32. The array of claim 24, wherein said methylation specific
oligonucleotide is reverse complementary to a region from 100
nucleotides upstream of a central CpG provided in Table 1 and Table
2 to 100 nucleotides downstream of said central CpG.
33. A kit comprising an array of claim 24 and at least one reagent
for amplification of a target DNA molecule hybridized to an
oligonucleotide of said array, optionally wherein said reagent is
selected from a polymerase, a forward primer, a reverse primer, an
adapter, and a pool of free nucleotides.
34. (canceled)
Description
CROSS REFERENCE TO RELATED APPLICATIONS
[0001] This application is a Bypass Continuation of PCT Patent
Application No. PCT/IL2020/050451 having International filing date
of Apr. 16, 2020, which claims the benefit of priority of U.S.
Provisional Patent Application No. 62/835,069, filed Apr. 17, 2019,
the contents of which are all incorporated herein by reference in
their entirety.
FIELD OF INVENTION
[0002] The present invention is in the field of cancer markers.
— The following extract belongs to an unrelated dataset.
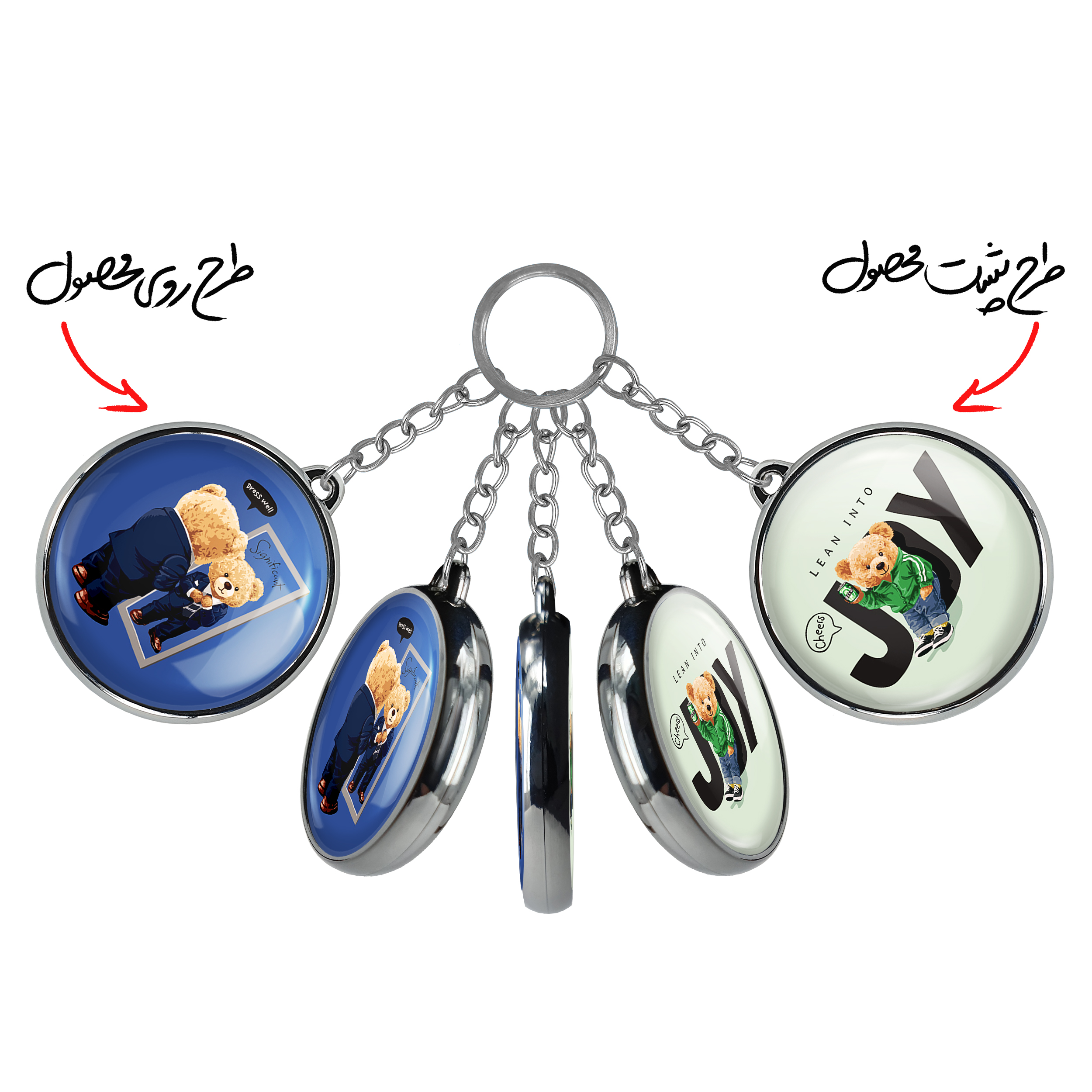 جاکلیدی دوطرفه تدی Teddyخندالو محصولی کاربردی و جدید است که در هر دو سمت محصول، تصویری متفاوت اما از یک موضوع چاپ شده و تفاوت اصلی آن با جاکلیدی های یک طرفه در همین است که هر دو سمت پشت و روی جاکلیدی، طرحی دیدنی و جذاب دارد.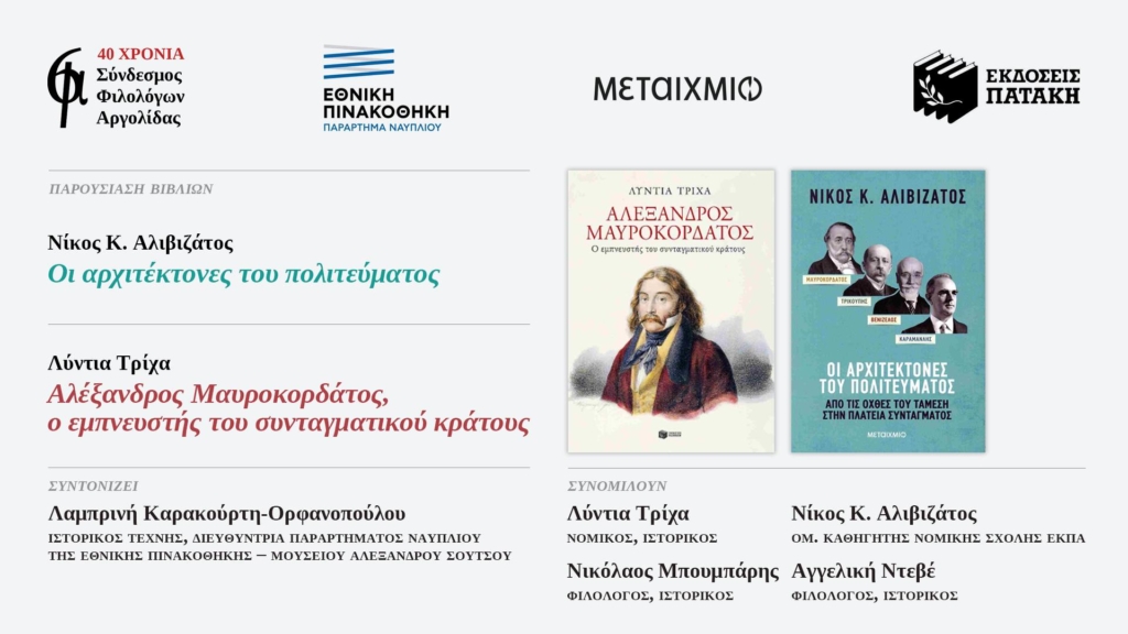 Η νομικός και ιστορικός Λύντια Βελισσαρίου-Τρίχα παρουσιάζει το βιβλίο της: “Αλέξανδρος Μαυροκορδάτος – Ο εμπνευστής του συνταγματικού κράτους“ στην Εθνική Πινακοθήκη – Μουσείο Αλέξανδρου Σούτσου (παράρτημα Ναυπλίου) το Σάββατο 18 Οκτωβρίου και ώρα 7:00 μ.μ.

BACKGROUND OF THE INVENTION
[0003] Detection of cancerous cells is essential for early disease
identification, distinguishing malignant and non-malignant growths,
tracking treatment effectiveness, and monitoring for residual
disease. Each of these monitoring modalities requires certainty in
identifying cancer cells and distinguishing them from non-cancer
cells. Beyond this detection of very low amounts of DNA from cancer
cells facilitates superior detection and more precise
identification of therapeutic effects. Although mutational changes
to the DNA sequence of cancer cells are common, they are
heterogenous and not always known. Further, these mutations occur
in healthy cells as well complicating their use as markers for
cancer. Epigenetic cancer makers, most notably methylation marks,
are emerging as a reliable marker to use in place of mutations.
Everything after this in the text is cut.